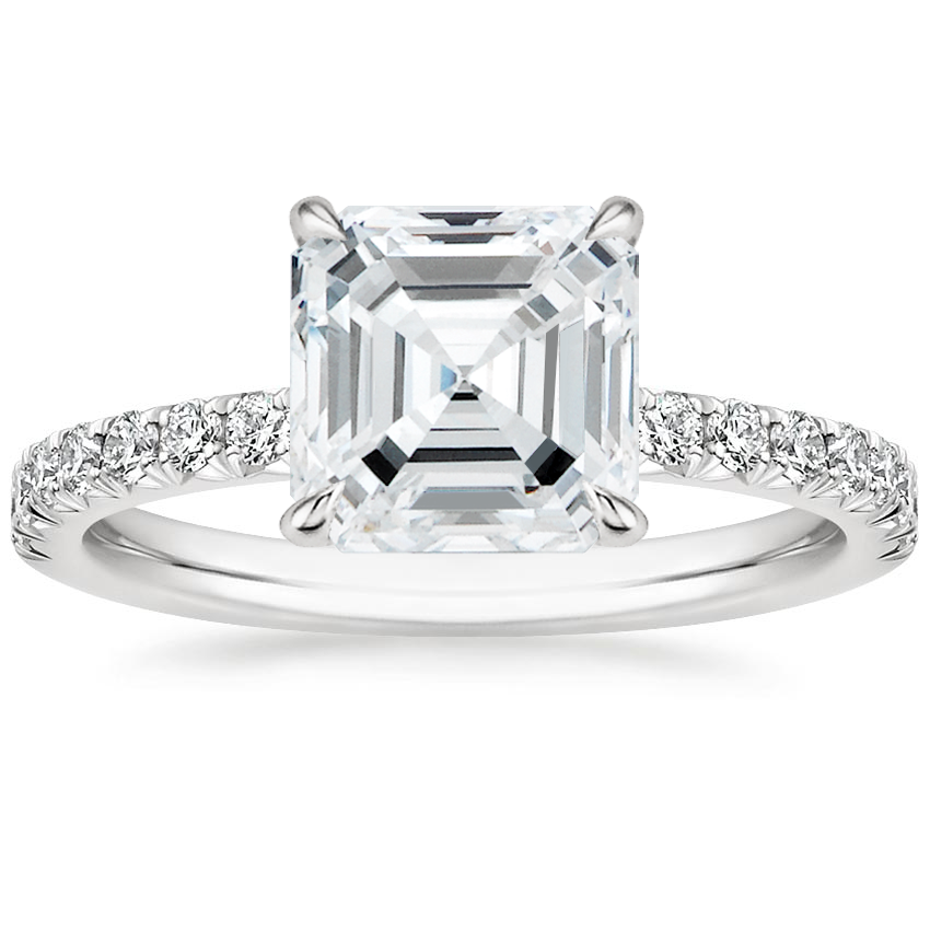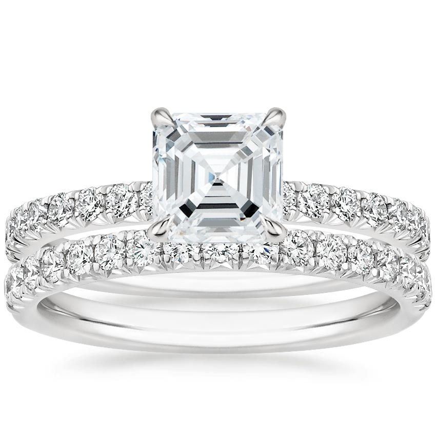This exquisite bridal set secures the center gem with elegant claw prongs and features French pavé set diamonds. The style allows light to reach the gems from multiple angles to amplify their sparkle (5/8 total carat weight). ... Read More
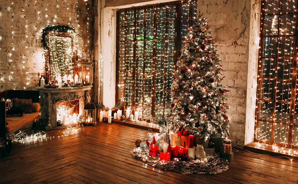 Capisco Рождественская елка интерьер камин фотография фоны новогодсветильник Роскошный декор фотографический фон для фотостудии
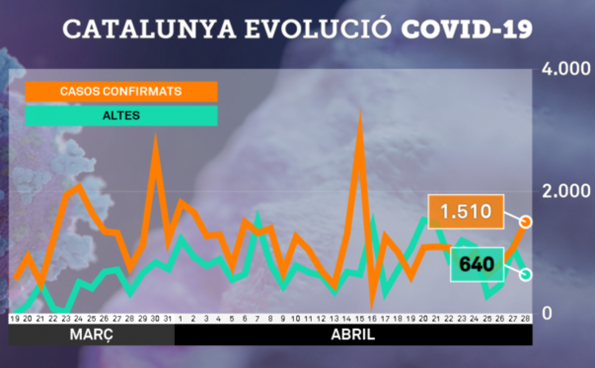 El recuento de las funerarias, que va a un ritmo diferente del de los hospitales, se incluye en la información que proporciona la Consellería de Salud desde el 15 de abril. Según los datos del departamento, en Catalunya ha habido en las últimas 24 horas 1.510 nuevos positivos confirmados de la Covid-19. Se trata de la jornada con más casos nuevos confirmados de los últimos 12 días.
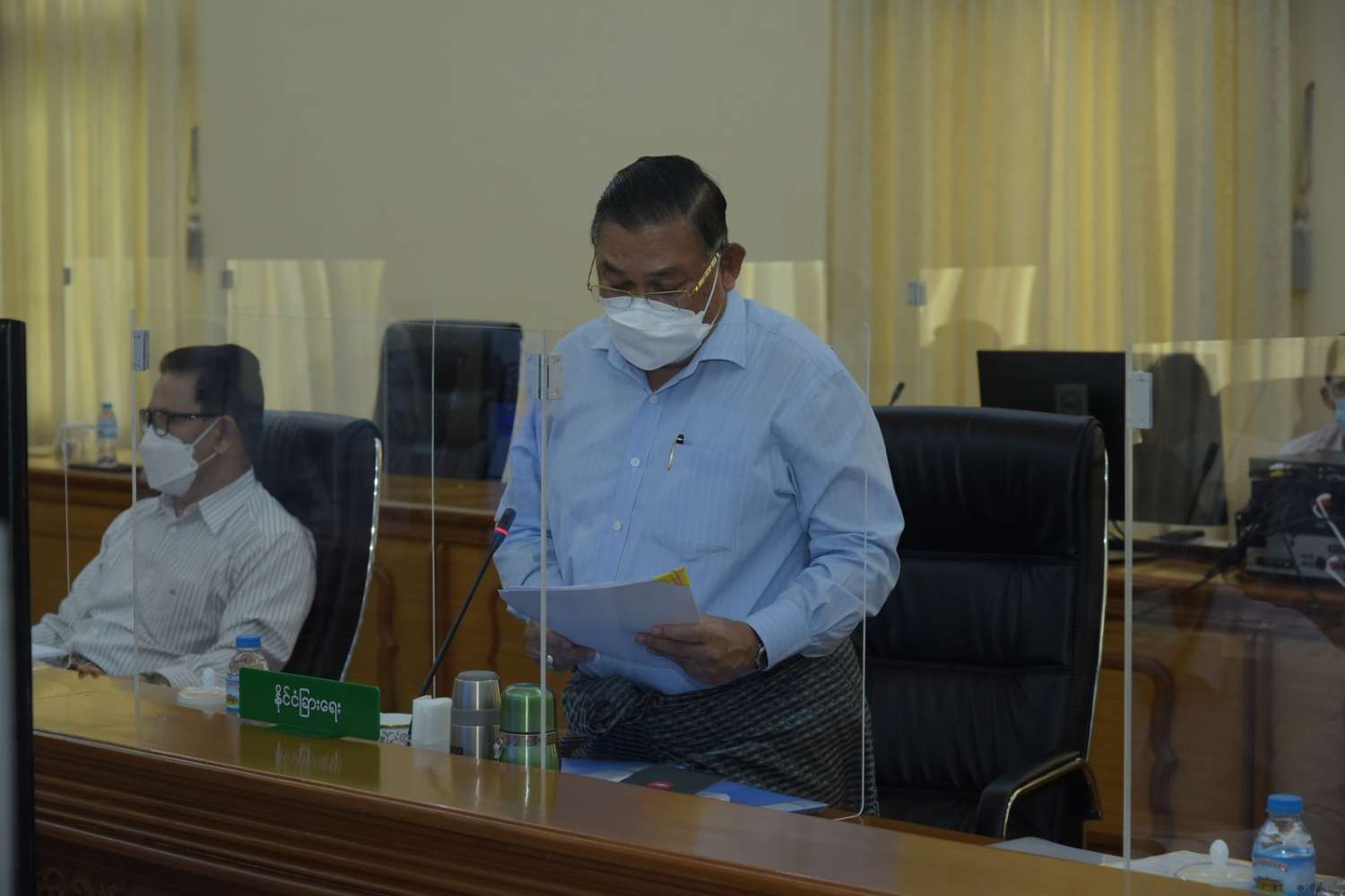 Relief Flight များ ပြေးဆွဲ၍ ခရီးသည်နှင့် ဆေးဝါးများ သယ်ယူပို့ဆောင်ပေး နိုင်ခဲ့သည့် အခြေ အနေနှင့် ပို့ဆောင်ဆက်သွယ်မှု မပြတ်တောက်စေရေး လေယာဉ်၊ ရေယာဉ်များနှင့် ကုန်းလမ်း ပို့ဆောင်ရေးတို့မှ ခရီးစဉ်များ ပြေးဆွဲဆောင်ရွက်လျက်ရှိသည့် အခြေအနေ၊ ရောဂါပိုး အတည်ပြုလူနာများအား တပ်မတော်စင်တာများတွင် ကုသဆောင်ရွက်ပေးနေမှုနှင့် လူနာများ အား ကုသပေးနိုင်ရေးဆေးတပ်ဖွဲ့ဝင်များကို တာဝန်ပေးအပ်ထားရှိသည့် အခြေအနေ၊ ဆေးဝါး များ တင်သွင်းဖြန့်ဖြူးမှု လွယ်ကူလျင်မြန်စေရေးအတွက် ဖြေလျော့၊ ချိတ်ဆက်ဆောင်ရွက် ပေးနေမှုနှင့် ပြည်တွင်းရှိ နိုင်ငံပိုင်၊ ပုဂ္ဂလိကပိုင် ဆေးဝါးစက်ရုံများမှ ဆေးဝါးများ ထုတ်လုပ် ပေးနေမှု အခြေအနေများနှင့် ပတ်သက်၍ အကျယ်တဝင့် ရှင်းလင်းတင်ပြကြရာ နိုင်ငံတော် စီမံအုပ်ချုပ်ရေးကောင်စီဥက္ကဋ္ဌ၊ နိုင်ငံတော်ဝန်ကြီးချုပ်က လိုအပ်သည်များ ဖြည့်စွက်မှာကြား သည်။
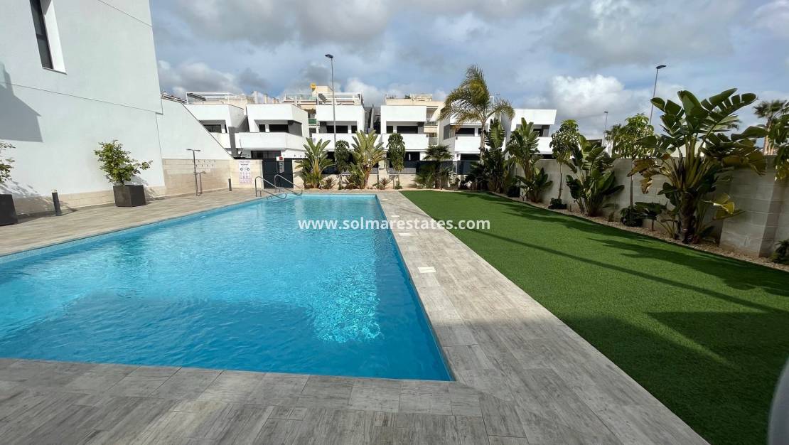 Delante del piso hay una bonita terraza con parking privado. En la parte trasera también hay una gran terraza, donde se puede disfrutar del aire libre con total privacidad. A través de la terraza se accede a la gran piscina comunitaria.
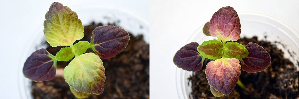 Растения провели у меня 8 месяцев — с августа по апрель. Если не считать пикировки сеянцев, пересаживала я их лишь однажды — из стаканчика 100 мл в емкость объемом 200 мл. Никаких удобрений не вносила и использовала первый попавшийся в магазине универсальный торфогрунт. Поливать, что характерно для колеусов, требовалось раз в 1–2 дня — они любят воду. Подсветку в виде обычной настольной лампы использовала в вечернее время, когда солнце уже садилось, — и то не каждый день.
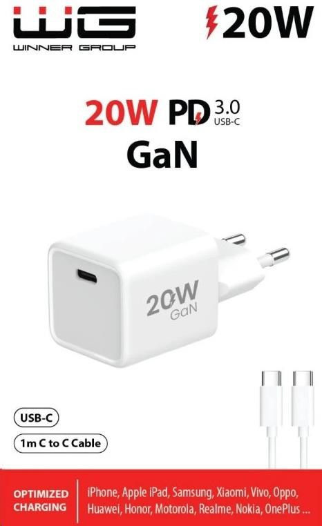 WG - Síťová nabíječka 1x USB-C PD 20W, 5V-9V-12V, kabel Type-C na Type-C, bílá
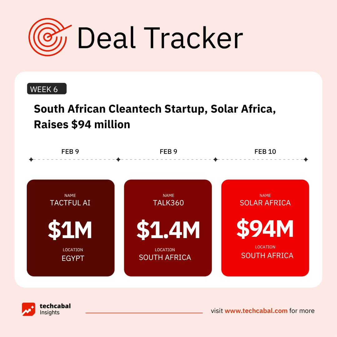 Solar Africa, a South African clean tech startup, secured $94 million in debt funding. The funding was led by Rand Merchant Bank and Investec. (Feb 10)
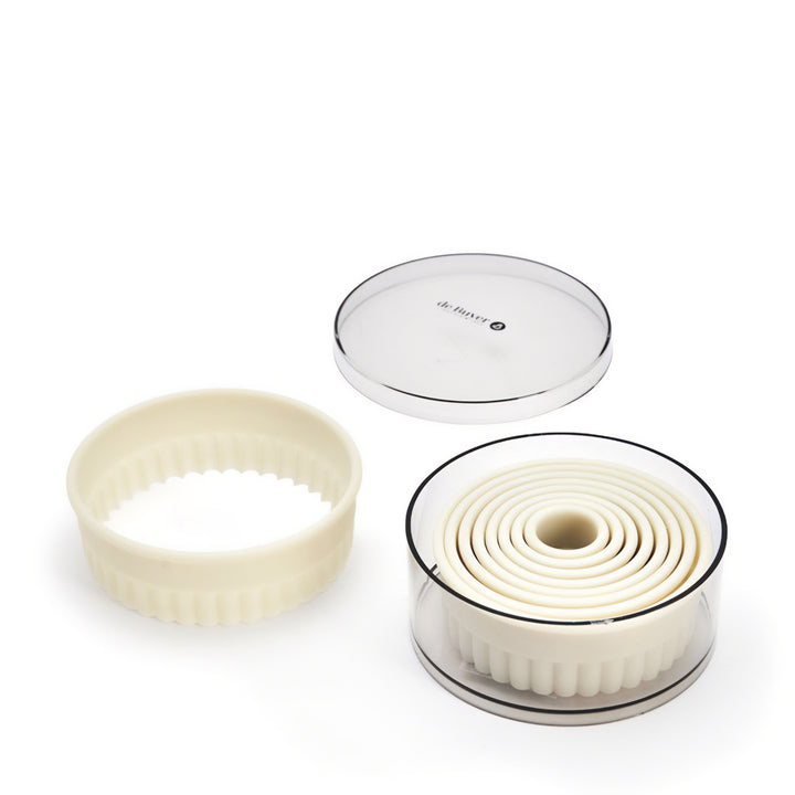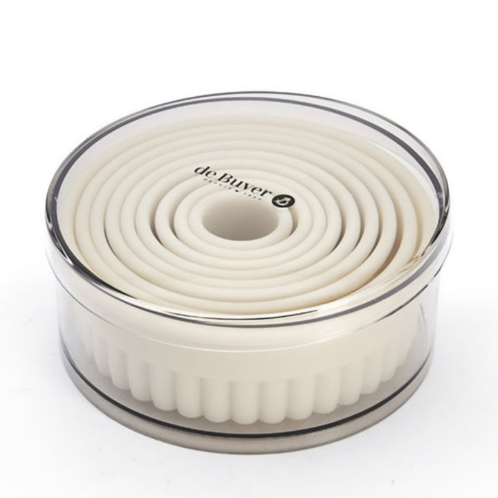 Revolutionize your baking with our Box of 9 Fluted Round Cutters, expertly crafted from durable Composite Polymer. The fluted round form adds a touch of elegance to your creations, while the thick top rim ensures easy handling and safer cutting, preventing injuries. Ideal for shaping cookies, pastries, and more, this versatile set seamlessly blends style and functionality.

* [Work task] Leaving the pictures out, print every line of the listing exactly.

* [Answer for the task]
This exquisite bridal set secures the center gem with elegant claw prongs and features French pavé set diamonds. The style allows light to reach the gems from multiple angles to amplify their sparkle (5/8 total carat weight). ... Read More
 Capisco Рождественская елка интерьер камин фотография фоны новогодсветильник Роскошный декор фотографический фон для фотостудии
 El recuento de las funerarias, que va a un ritmo diferente del de los hospitales, se incluye en la información que proporciona la Consellería de Salud desde el 15 de abril. Según los datos del departamento, en Catalunya ha habido en las últimas 24 horas 1.510 nuevos positivos confirmados de la Covid-19. Se trata de la jornada con más casos nuevos confirmados de los últimos 12 días.
 Relief Flight များ ပြေးဆွဲ၍ ခရီးသည်နှင့် ဆေးဝါးများ သယ်ယူပို့ဆောင်ပေး နိုင်ခဲ့သည့် အခြေ အနေနှင့် ပို့ဆောင်ဆက်သွယ်မှု မပြတ်တောက်စေရေး လေယာဉ်၊ ရေယာဉ်များနှင့် ကုန်းလမ်း ပို့ဆောင်ရေးတို့မှ ခရီးစဉ်များ ပြေးဆွဲဆောင်ရွက်လျက်ရှိသည့် အခြေအနေ၊ ရောဂါပိုး အတည်ပြုလူနာများအား တပ်မတော်စင်တာများတွင် ကုသဆောင်ရွက်ပေးနေမှုနှင့် လူနာများ အား ကုသပေးနိုင်ရေးဆေးတပ်ဖွဲ့ဝင်များကို တာဝန်ပေးအပ်ထားရှိသည့် အခြေအနေ၊ ဆေးဝါး များ တင်သွင်းဖြန့်ဖြူးမှု လွယ်ကူလျင်မြန်စေရေးအတွက် ဖြေလျော့၊ ချိတ်ဆက်ဆောင်ရွက် ပေးနေမှုနှင့် ပြည်တွင်းရှိ နိုင်ငံပိုင်၊ ပုဂ္ဂလိကပိုင် ဆေးဝါးစက်ရုံများမှ ဆေးဝါးများ ထုတ်လုပ် ပေးနေမှု အခြေအနေများနှင့် ပတ်သက်၍ အကျယ်တဝင့် ရှင်းလင်းတင်ပြကြရာ နိုင်ငံတော် စီမံအုပ်ချုပ်ရေးကောင်စီဥက္ကဋ္ဌ၊ နိုင်ငံတော်ဝန်ကြီးချုပ်က လိုအပ်သည်များ ဖြည့်စွက်မှာကြား သည်။
 Delante del piso hay una bonita terraza con parking privado. En la parte trasera también hay una gran terraza, donde se puede disfrutar del aire libre con total privacidad. A través de la terraza se accede a la gran piscina comunitaria.
 Растения провели у меня 8 месяцев — с августа по апрель. Если не считать пикировки сеянцев, пересаживала я их лишь однажды — из стаканчика 100 мл в емкость объемом 200 мл. Никаких удобрений не вносила и использовала первый попавшийся в магазине универсальный торфогрунт. Поливать, что характерно для колеусов, требовалось раз в 1–2 дня — они любят воду. Подсветку в виде обычной настольной лампы использовала в вечернее время, когда солнце уже садилось, — и то не каждый день.
 WG - Síťová nabíječka 1x USB-C PD 20W, 5V-9V-12V, kabel Type-C na Type-C, bílá
 Solar Africa, a South African clean tech startup, secured $94 million in debt funding. The funding was led by Rand Merchant Bank and Investec. (Feb 10)
 Revolutionize your baking with our Box of 9 Fluted Round Cutters, expertly crafted from durable Composite Polymer. The fluted round form adds a touch of elegance to your creations, while the thick top rim ensures easy handling and safer cutting, preventing injuries. Ideal for shaping cookies, pastries, and more, this versatile set seamlessly blends style and functionality.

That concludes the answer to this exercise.